18. The Norco shootout resulted from an attempted bank robbery
The Norco shootout in the town of that name in California took place on May 9, 1980, between five bank robbers and deputies of the Riverside County and later San Bernardino County sheriff’s departments. The robbers were armed with rifles, handguns, and shotguns. Two bank robbers and one deputy died in the gun battle, nine officers were wounded. The robbers shot up more than two dozen patrol cars and damaged a police helicopter. The shootout began in the parking lot of the Security Pacific Bank, where one robber was killed, leading the others to steal a car in the lot and lead police on a 25-mile chase. Riverside deputies were assisted in the high-speed chase by officers of other agencies as it entered Sam Bernardino County. Once the robbers reached an area near Lytle Creek they again engaged the pursuers.

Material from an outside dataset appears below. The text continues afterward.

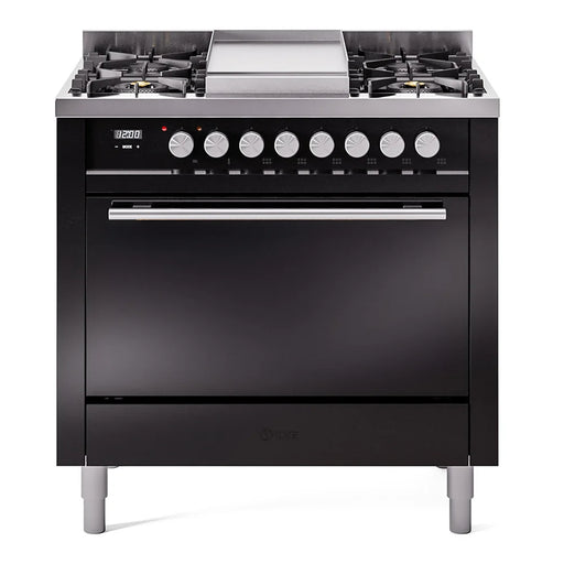 View full detailsILVE Professional Plus II 36" Dual Fuel Freestanding Range in Glossy Black with Stainless Steel Trim, UP36FQMPBK

After the second gun battle in San Bernardino County, the surviving robbers escaped into the San Bernardino Mountains. They remained at large until two days later when they were encountered in the general region of the second shootout. In yet another gun battle with police, a second robber was killed. The remaining three were taken into custody. The robbery had yielded a haul of about $20,000, most of which was recovered and the three surviving robbers were convicted of 46 felonies for their crimes, and all three were sentenced to life in prison without the possibility of parole. For most of the shootout, the deputies had been outgunned by the bank robbers and changes to the arming of the San Bernardino Sheriff’s Department were the direct result of the gun battles following the robbery.